Instructions to follow:
Your answer should contain only the lines from the top of the data below down through the one with "Délicieux ! Découverte", transcribed exactly and without pictures; please include nothing more.

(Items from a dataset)

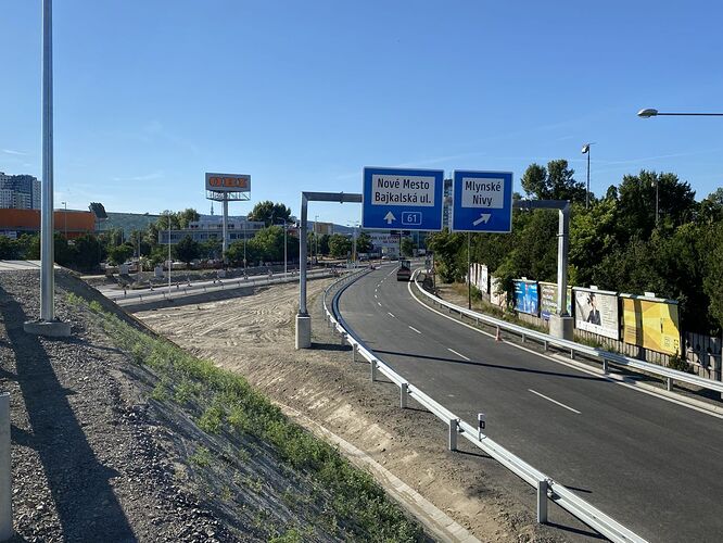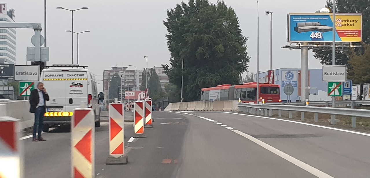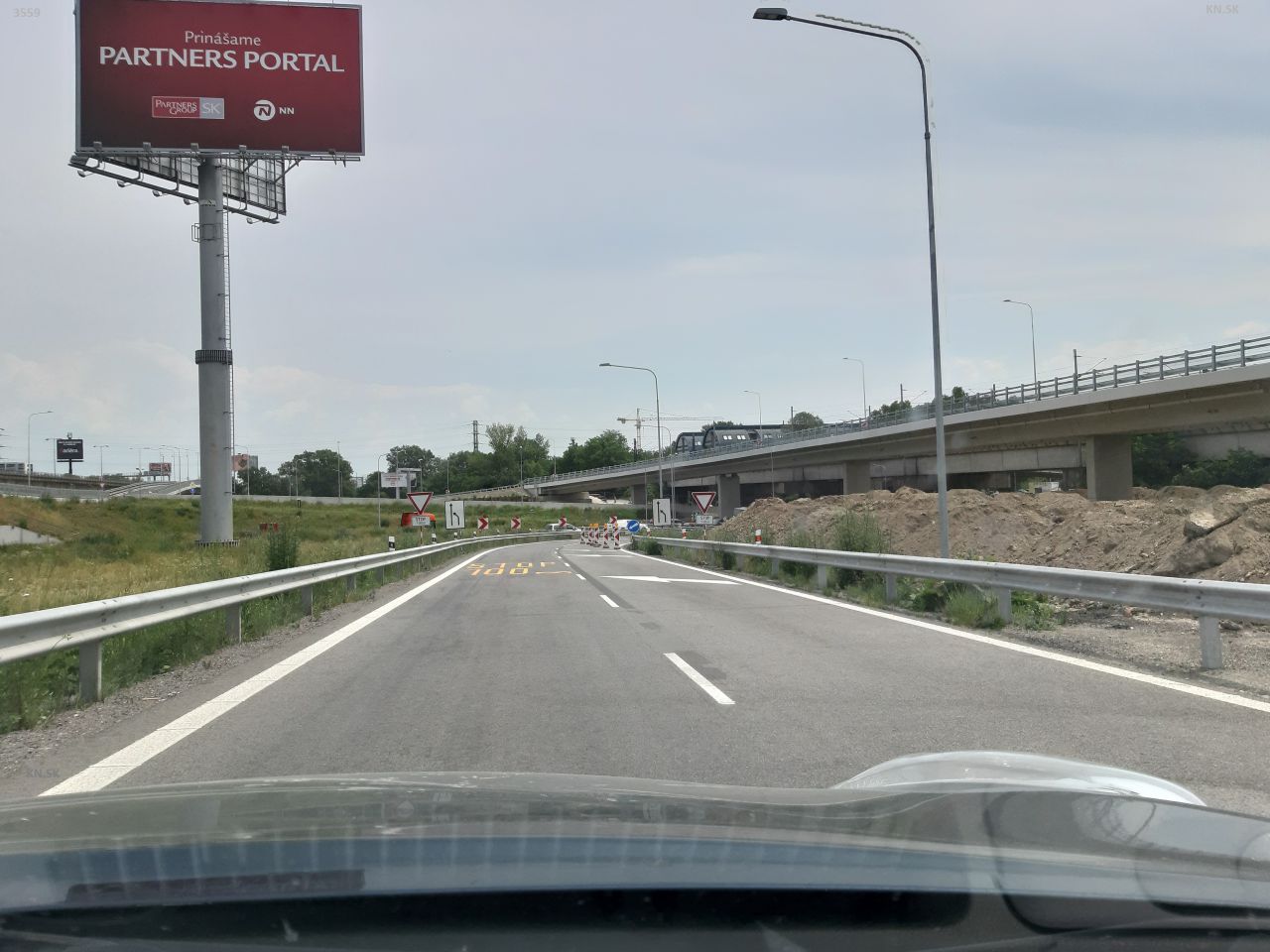 [vľavo zjazd D1 Petržalka - Bajkalská, vpravo Slovnaftská - D1 Petržalka]
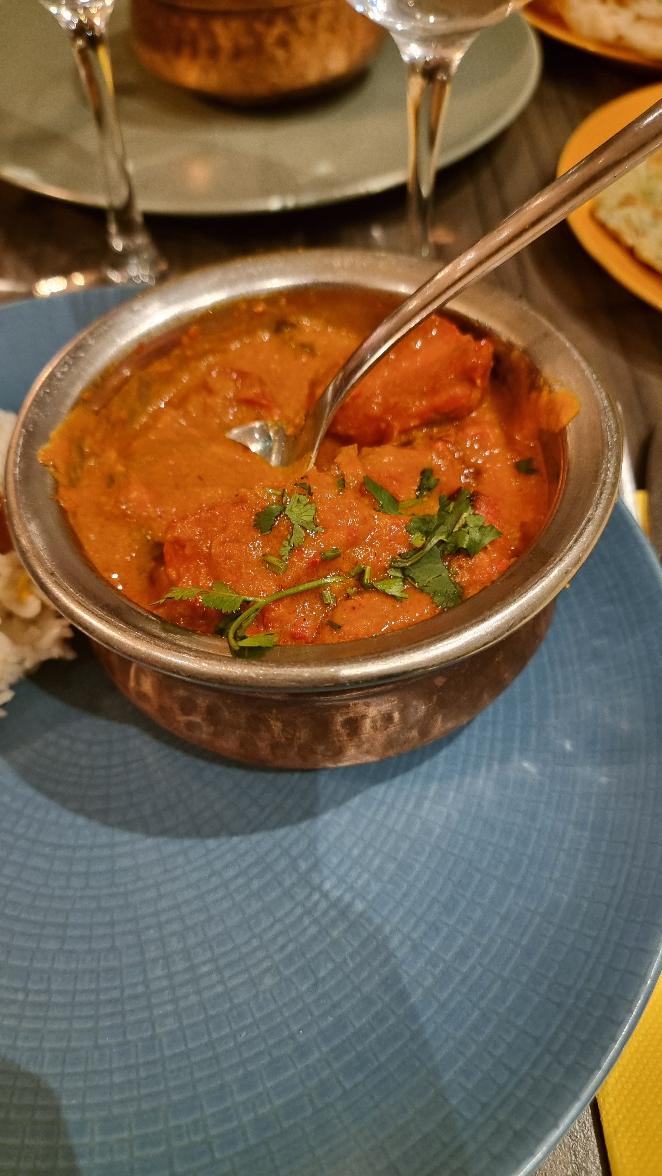 Délicieux ! Découverte de la cuisine indienne, de toutes ces épices. Le poulet, les viandes les sauces étaient parfaitement parfumées, un régal ! Personnel au top :) On nous a même proposé de ramener ce que nous n’avions pas fini. Je recommande à 100%
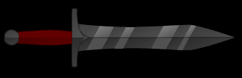 Gladius: Espada curta porém larga com dois gumes e uma ponta. Não tem uma furada muito definida, a empunhadura é simples para uma mão e tem um contrapeso grande que melhora a manobrabilidade.
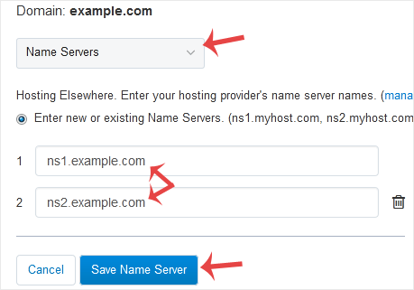 6. Enter your nameservers in the provided text boxes, and click on Save Name Server to save your changes.
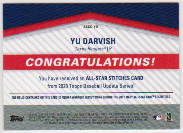 2020 Topps Update Yu Darvish All-Star Stitches Relic Worn Workout Jersey #ASSC-YD Insert Card
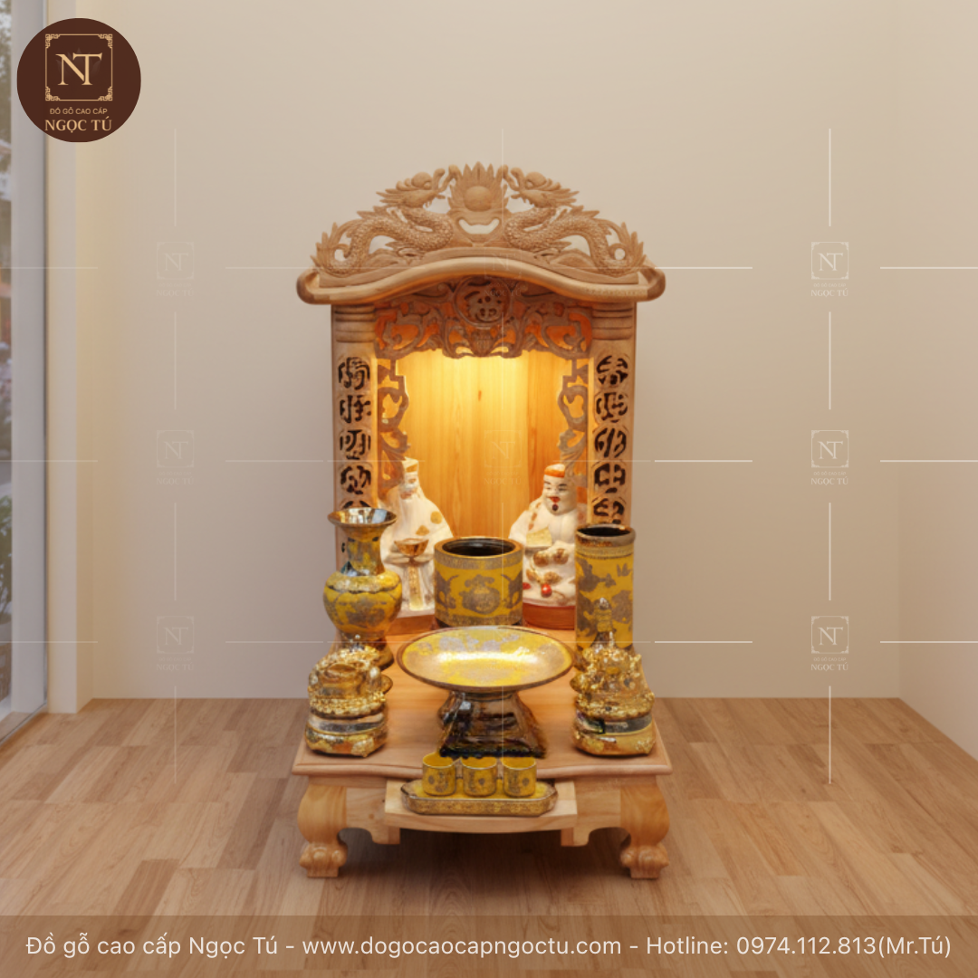 - Thiết kế mở, dễ dàng đặt tượng Thần Tài – Thổ Địa, bát hương và các vật phẩm phong thủy khác
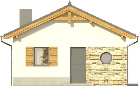 หลังบ้าน ด้านซ้ายเป็นหน้าต่างของห้องนอน มีประตูจากห้องครัวออกมาลานซักล้างได้ ขวามือเป็นช่องแสงของห้องน้ำ
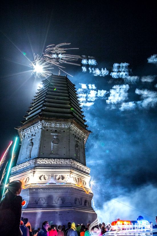 據(jù)史料記載,遼圣宗時為避水患,將建州遷至黃花灘村,并興建黃花灘塔。在塔前坡下約50米處,又建一寺院,謂塔寺合一。清乾隆三十八年的《塔子溝紀(jì)略》記載:“莊頭營子?xùn)|去五里至黃河灘,西距塔子溝二百里,東距三座塔一百里,有古城基址,城西北山坡有古塔一座,高十七層,圍圓十二丈,塔下又小塔一座,高七層,圍圓四丈,每年五月初五、六月初六,百姓宰牛祭祠至今,永無火患。”此黃河灘應(yīng)為今黃花灘。但當(dāng)初記載的塔為十七級,而且旁邊還有一座七級小塔,不知是否記載錯誤。現(xiàn)存的黃花灘塔在清代維修時,做了很大改動,深邃的佛教內(nèi)涵、精美的磚雕圖像與宏偉壯觀的寶塔渾然一體,令人拍案叫絕。
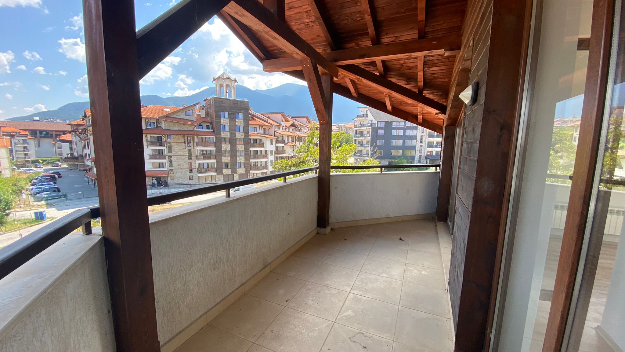 The apartment consists of a living room with a prepared place for a kitchenette, two bedroomsd and two bathrooms. The living room is really bright thanks to its large windows and two skylight windows. There is an access to a huge East-facinbg terrace with breathtaken views of Pirin mountains and surrounding nature.
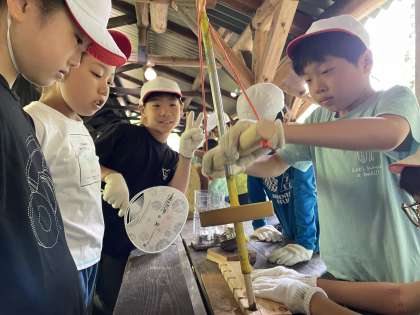 一生懸命、仲間と火を起こしています。力づくでもダメだし…なかなか難しいですね。さあ、頑張ろう。いち、に。いち、に。掛け声も聞こえますよ。
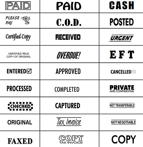 A wide rage of self inking stamps, date stamps, multi colour stamps, embossers.
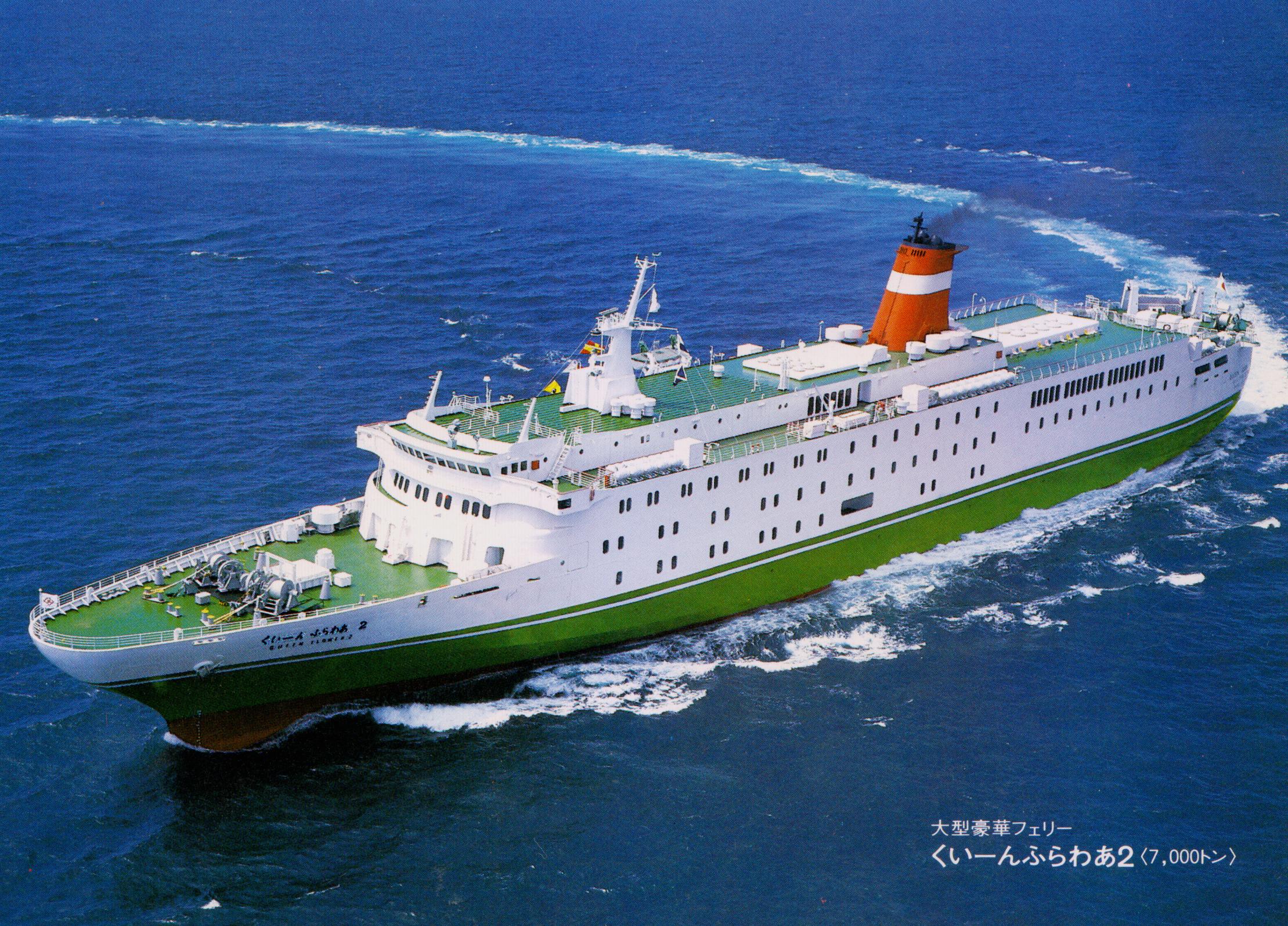 関西汽船株式会社 (Kansai Kisen Co., Ltd.) 運航。 Built: 1975, IMO: 7401966, MMSI: n/a Gross tonnage: 6,801t, Length: 140.0m, Beams: 18.5m |

The completed task:
 [vľavo zjazd D1 Petržalka - Bajkalská, vpravo Slovnaftská - D1 Petržalka]
 Délicieux ! Découverte de la cuisine indienne, de toutes ces épices. Le poulet, les viandes les sauces étaient parfaitement parfumées, un régal ! Personnel au top :) On nous a même proposé de ramener ce que nous n’avions pas fini. Je recommande à 100%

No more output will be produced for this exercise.